UB artwork for sure - but UB manufactured....?

Roppo's suggestion is an excellent one - but as the cards are laminated, pencil would not take to the card and ink would sit on top of the lamination and smudge when dry. So I don't think that this particular deck was designed for self-coloring.

But what a relief to see Madame 9P's blotted dress in the UB PKT (1966).

I would like to believe that this B&W deck was manufactured by University Books way back when...
But sadly, I suppose ANY sufficiently motivated card manufacturer could have produced this deck using images lifted out of UB's PKT. :(

At the end of the day, regardless of who was responsible for manufacturing this B&W deck, why haven't we all seen more of them...? :confused:
I hope that somebody else with a copy of this B&W deck will soon surface - and provide all the answers. :D
 

Abrac

The more I look at these the more I think the B & W cards could have been copied from the book.

http://s31.postimg.org/ddb3daisb/9_Pents.jpg

In the book and color card images, the lines of Pamela's monogram are fairly thin but in the B & W card they're more thick. And the lines of the tree tops are thin in the color card but thicker in the book image. The trees in the B & W card also have thicker lines like they were copied from the book. Overall the B & W card looks closer to the book image but a little muddier, which could be from the copying process.

It could be one of a kind. :)
 

DustyWhite

Fascinating. I need to find that particular book :)

EDITED: I checked some UB copies on hand. The image is the same in the 1966 edition as well as the "1959 (B)" version.

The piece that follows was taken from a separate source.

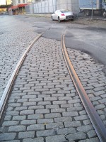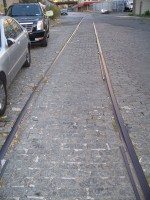 Buried Bush Terminal RR siding off 2nd Ave at 32nd St
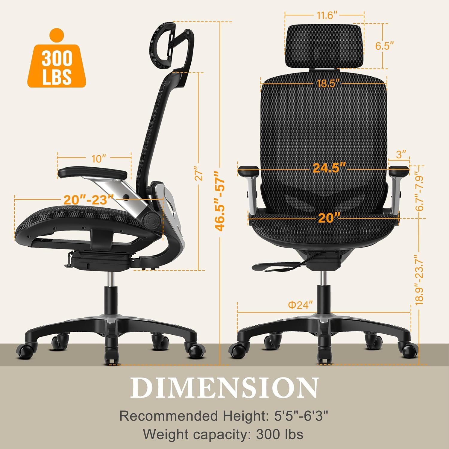 【LARGE CHAIR SIZE】- The upgraded office chair has a larger mesh seat and mesh back, which can be easily adjusted to suit your body and preferences. Overall dimenion: 25.2″L x 25″W x 44.5″-52.5″H. Seat Dimensions: 18.5″L x 20″W x 18.5″-23.5″H. Weight capacity: up to 300lbs. It fits people of 5’9” tall and below.

The first versions of University Books' PKTTs ("1959 (A)": technically printed in 1960 but known as the 1959 copies) came in color without ads; and somewhere between 1959 and 1962 they stopped printing their PKTTs in color and switched to grayscale (shaded B&W) and did that all of the way through their 1966 printings. The main difference seems to be in the page count and the number of and exact ads appearing in the back of each book.

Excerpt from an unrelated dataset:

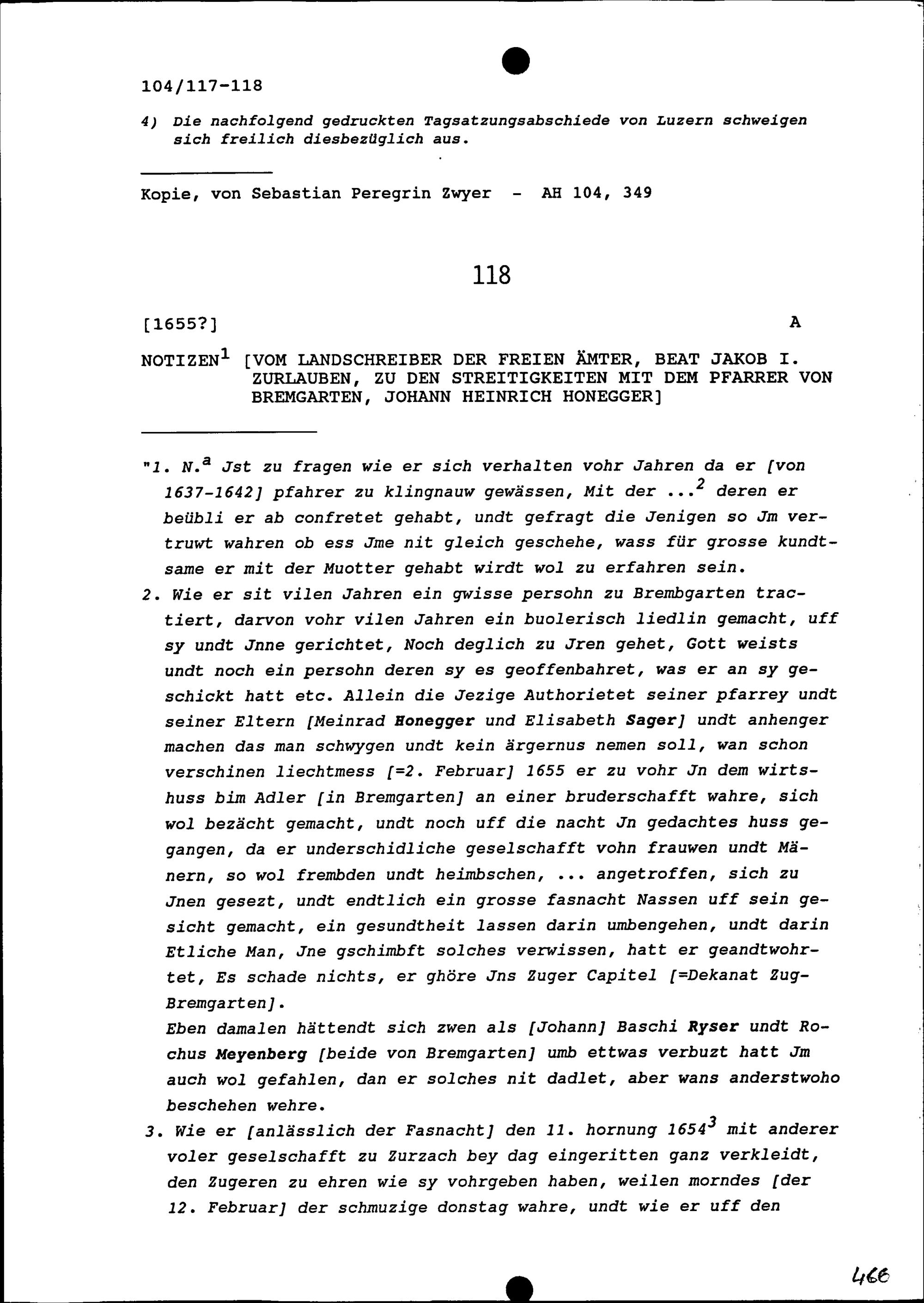Notiz von Beat Jakob I. Zurlauben, Landschreiber der Freien Ämter, zu den Streitigkeiten mit Johann Heinrich Honegger, Pfarrer von Bremgarten

So, as all of that relates to THIS deck . . . This deck would seem to appear after 1959 (see caveat below), but it is unknowable whether it was 1960, 1962, 1966, or some other time (after).

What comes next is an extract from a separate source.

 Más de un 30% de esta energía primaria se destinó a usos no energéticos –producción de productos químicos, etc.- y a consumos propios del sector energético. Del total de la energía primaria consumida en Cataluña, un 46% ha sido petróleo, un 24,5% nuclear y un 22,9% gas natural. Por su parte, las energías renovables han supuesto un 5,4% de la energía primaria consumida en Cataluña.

Now, that said . . . it is not impossible that this might well be a proof deck but that would be a hard sell to make as the first runs of the UB PKTTs were printed in full color and issued with a deck that came in the red box: and we also have at least one known "review copy" of deck and book from early 1960 when UB was in NYC.

This definitely looks like a professionally made one-off BUT that only increases its rarity and value (IMHO).

NOTE: The terms for UB's PKTTs are of my own creation. There appear to be five known variations before UB was bought by a major publisher. I hope this helps.



The more I look at these the more I think the B & W cards could have been copied from the book.

http://s31.postimg.org/ddb3daisb/9_Pents.jpg

In the book and color card images, the lines of Pamela's monogram are fairly thin but in the B & W card they're more thick. And the lines of the tree tops are thin in the color card but thicker in the book image. The trees in the B & W card also have thicker lines like they were copied from the book. Overall the B & W card looks closer to the book image but a little muddier, which could be from the copying process.